DPD is awesome. I ordered some waterproofs on Wednesday and got a text later on that day telling me the name of the driver ho would be delivering next day. I then chose to text them to arrange delivery to my neighbour and I got a text yesterday to tell me exactly who signed for it and when. Brilliant service.

Doubt that I would use them if I was flogging a £10 product though. Surely such service comes at a price? I can only imagine huge firms can negotiate delivery rates with them.
 
I agree the website needs updating badly

Drop the information about patent, how its made in Hong Kong, the YES story and load the site with features and benefits of using buying the product.

Have a professional video filmed on how to use it, even better get a known golfer to endorse it

Eye Candy will always work too and would look more inviting than you standing on the home page !

I have the product but don't use it more so my tip would be make it so you can take it apart and a couple of alignment sticks or putting rails perhaps. Too good an idea to leave it standing still

Good Luck Bob
 
I agree with some comments on here about DPD, they are very good but whilst price is important, service and the knowledge that you can track any parcel at all times is worth more, especially when a customer is chasing and you want to give them a quick answer. You cannot do that with some companies like Hermes as they employ owner drivers and have franchise satellite depots in some post codes who don't invest in themselves or use tracking! Their cheap but not the full package IMO.

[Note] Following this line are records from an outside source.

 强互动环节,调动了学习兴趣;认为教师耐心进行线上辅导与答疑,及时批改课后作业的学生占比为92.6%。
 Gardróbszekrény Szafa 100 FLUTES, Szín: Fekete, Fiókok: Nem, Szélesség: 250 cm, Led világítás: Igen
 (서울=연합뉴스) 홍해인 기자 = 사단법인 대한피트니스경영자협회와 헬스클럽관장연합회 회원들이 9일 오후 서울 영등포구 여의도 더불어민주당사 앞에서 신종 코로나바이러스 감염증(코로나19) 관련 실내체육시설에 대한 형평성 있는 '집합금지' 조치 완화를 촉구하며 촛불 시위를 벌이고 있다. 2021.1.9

The good points about a company like DPD is its very much like and born from the old Interlink/Parceline company who specialised in smaller freight, as such your light, delicate boxes will not be mixed with 6m lengths of steel, engines on pallets or very heavy single items that can crush your product. Most items are caged and handled less by using a hub & spoke network so their miss-sorts are minimal.

DPD can also supply you with software to use their Delisprint (I think its called) which produces a single bar-coded delivery sticker, reducing more admin your end which is a cost in its own right.

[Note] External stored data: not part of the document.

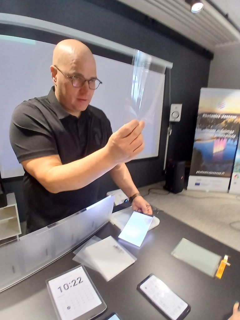 Nanocomb ontstond als eerste bedrijf vanuit de Universiteit van Oost-Finland in Joensuu, het is nu onderdeel van Radiant Opto-Electronics in Thailand. Nanocomb is wel een van de meest innovatieve groepen van het Thaise bedrijf, vertelt eigenaar Samuli Siitonen: ‘We moeten wereldwijd samenwerken om de beste mogelijkheden uit fotonica en optica voor allerlei applicaties te halen. We zijn gespecialiseerd in lichtgeleiders in e-books, in allerlei soorten en voor diverse toepassingen, zoals een privacyfilter, lichtgeleiders als decoratie en voor ondersteuning bij diverse sensorapplicaties. Met fabriekstechnologie om beeldjes op micro- en nanoschaal te produceren, gebruiken we lithografie dat weer van elektronische fabrikanten komt. Dit is vergelijkbaar met de semiconductor. Daarnaast creëren we microstructuren om de werking en de levensduur van de optische componenten te verbeteren. Die printen we uit met een soort printmachines, waardoor we de prijs extreem laag kunnen houden. Ze zijn zo klein dat het menselijk oog ze bijna niet kan zien. Daar hebben we speciaal elektronisch soort papier voor bedacht, zodat dit ook samen kan werken met andere technologieën en toepassingen.’
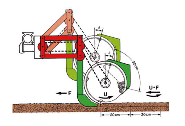 播種盤轉(zhuǎn)速與拖拉機(jī)行駛速度相同,方向相反,可實(shí)現(xiàn)零速落種,落地高度離地面僅3厘米,保證精確落種。
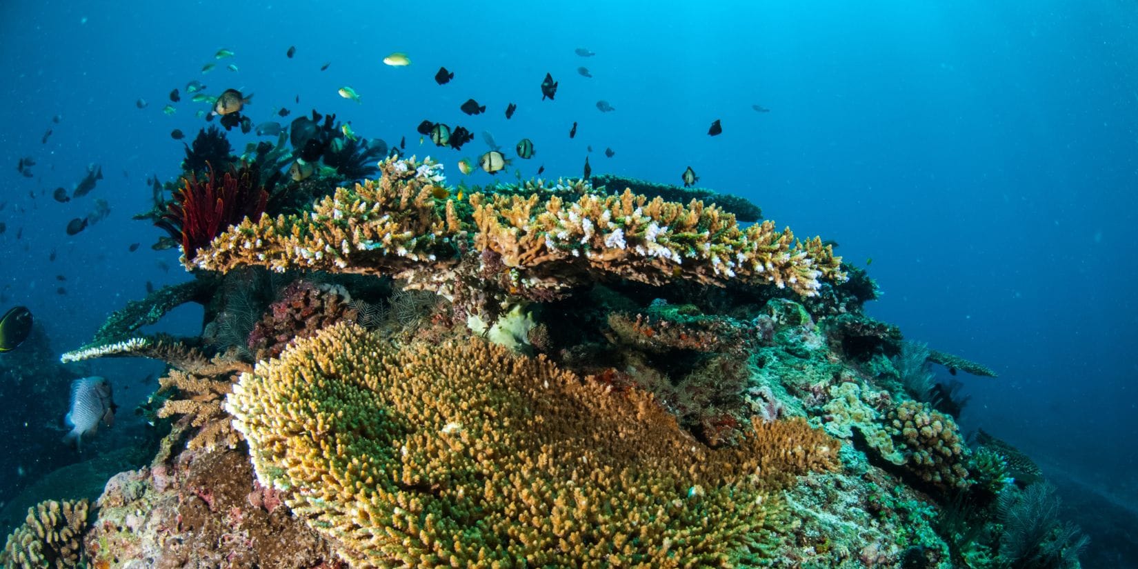 Drift over a plateau with fusiliers and table corals. The reef drops to 40 meters, attracting reef sharks.
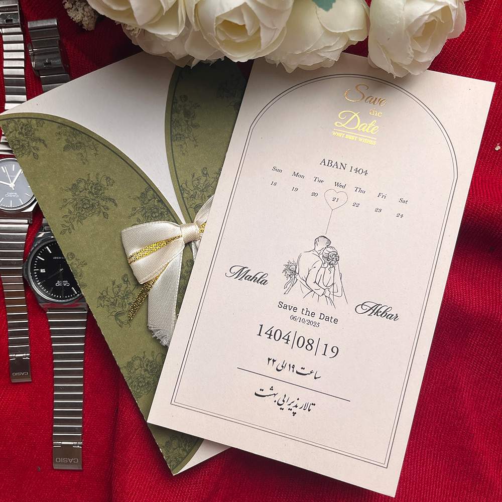 در مجموع، کارت عروسی مدل 1307 با پاکت سبز، برش حلالی، چاپ گل، پاپیون تزئینی و طلاکوب Save the Date یک انتخاب خاص و متفاوت برای زوجهایی است که میخواهند کارت دعوتی شکیل و شخصیسازیشده داشته باشند.
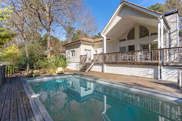 In the heart of the Golf de Biscarrosse, in a green setting, discover the charm of this beautiful friendly villa with heated pool (open from May to September and heated from June to September) salt that can accommodate 12 people (6 adults and 6 children).
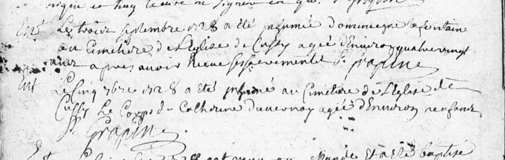 | Femme du défunt présent(e) au décès de | Jean Charlot 1352 (19 mars 1641 - 23 mars 1722) |
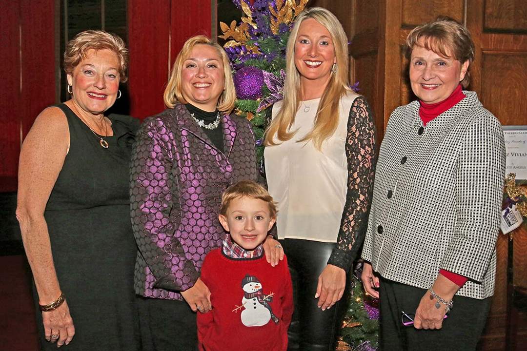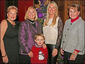 Co-chair Suzie Hahn, left, Clare Gorski, center left, Charlie Gorski, 6, center, co-chair Linsey Ansberg, center right, Marsha Molmar, center right, attended the Junior League party at the Toledo Club.
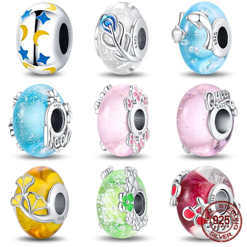 Glass Beads Copper Charm Fit Pan Original Bracelets Glow In The Dark Charms Glass Pendantdiy Jewelry
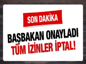 Tüm kamu çalışanlarının ikinci bir emre kadar yıllık izinleri kaldırılmıştır. Söz konusu kamu çalışanlarından halen izinde bulunanlar en kısa sürede görevleri başına döneceklerdir" denildi.
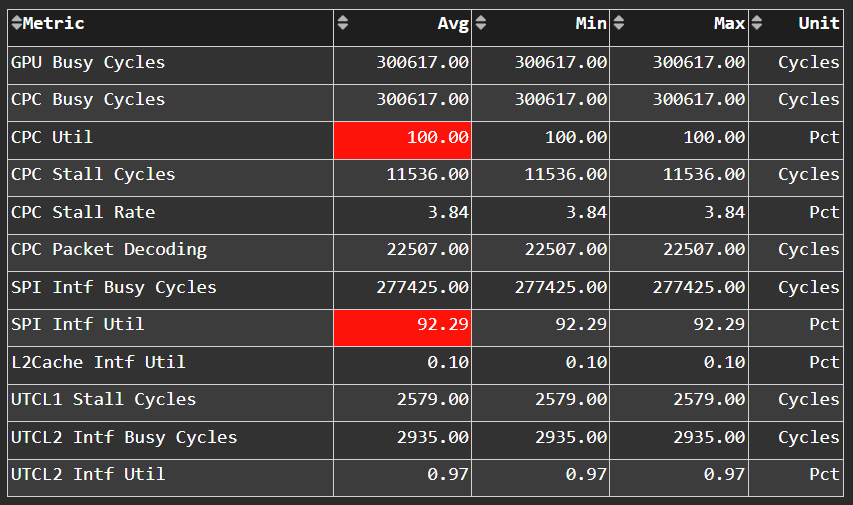 Detailed performance counters and metrics per hardware component, such as:
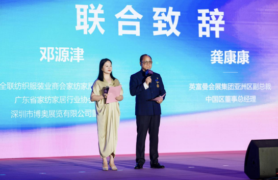核心致辭環(huán)節(jié),各界重量級嘉賓依次上臺,為行業(yè)發(fā)展建言獻策。廣東省家紡家居行業(yè)協(xié)會會長、深圳市博奧展覽有限公司董事長鄧源津與英富曼會展集團亞洲副總裁兼中國董事總經(jīng)理龔康康率先作聯(lián)合開場致辭。鄧源津深情回顧了協(xié)會與展會三十年風(fēng)雨同舟的奮斗歷程,強調(diào)三十周年是里程碑更是新起點,協(xié)會未來將繼續(xù)堅定不移陪伴行業(yè)、服務(wù)企業(yè),精準響應(yīng)省委省政府“幫助企業(yè)開拓市場”的號召,將深圳家紡家居展打造成更高效、更開放的全球貿(mào)易樞紐,并鄭重預(yù)告協(xié)會將從2026年起啟動海外辦展計劃,帶領(lǐng)中國企業(yè)積極擁抱全球市場。龔康康高度肯定協(xié)會三十年來推動行業(yè)發(fā)展的豐碩成果,指出國際化是深圳展乃至中國家紡家居產(chǎn)業(yè)未來發(fā)展的核心引擎,英富曼將依托全球網(wǎng)絡(luò)優(yōu)勢,助力展會引進更多國際頂尖品牌與買家,讓深圳成為連接中國與世界的家居貿(mào)易與創(chuàng)意中心。
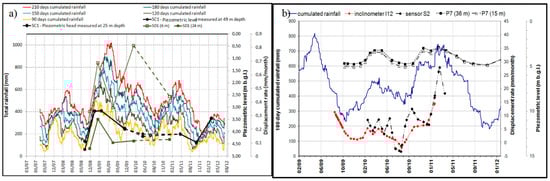 Fontana Monte slope (Volturino) (a): cumulative rainfalls; piezometric levels along SC1; displacement rates measured at 6 m and 24 m depth through inclinometer SD1 (from []). Pisciolo slope (b): displacement rates measured through the GPS sensor S2 and the inclinometer I12, at 19 m depth; piezometric levels along P7; 180 days cumulative rainfalls (from work in []).
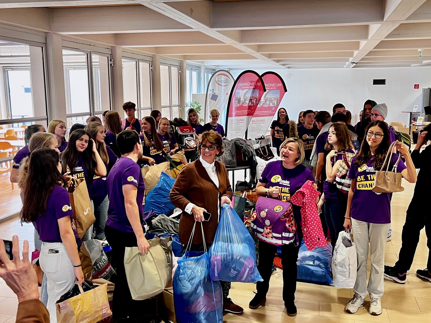 Diese gesammelten Rücksäcke und Taschen werden Vorschulkindern in den Kindergärten in Neusiedl am See angeboten sowie der Pannonischen Tafel in Eisenstadt zur Verfügung gestellt.
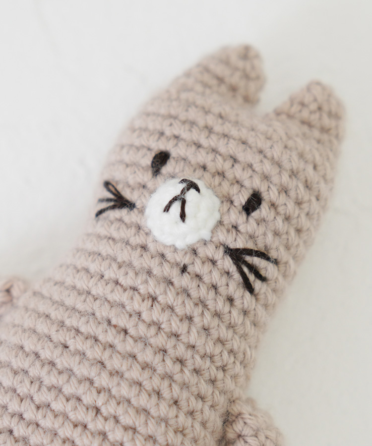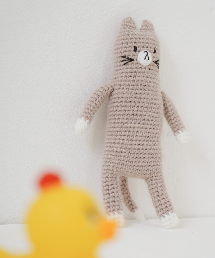 直立不動の、まっすぐな姿がなんともかわいいネコさんのあみぐるみキット。こちらもミドリノクマさんの作品です。手のひらに収まる小さめサイズで、赤ちゃんの小さな手でもにぎにぎしやすい大きさ。やわらかな触り心地なので、思わず握っていたくなるようなやさしい感触が魅力です。

Its unlikely that customers would buy more than 1 item so enquire about an item rate rather than a consignment rate. The difference being, you pay a fixed amount for a single item and then a rate per item thereafter, as their all the same weight & size this can be a very easy application for you and the carrier and you should get much lower rates for this application against a consignment rate which will be a rate up to a certain amount of kilos and then a pence per kilo thereafter with a protection built in of using the maximum kilos per consignment which you'd hardly ever use!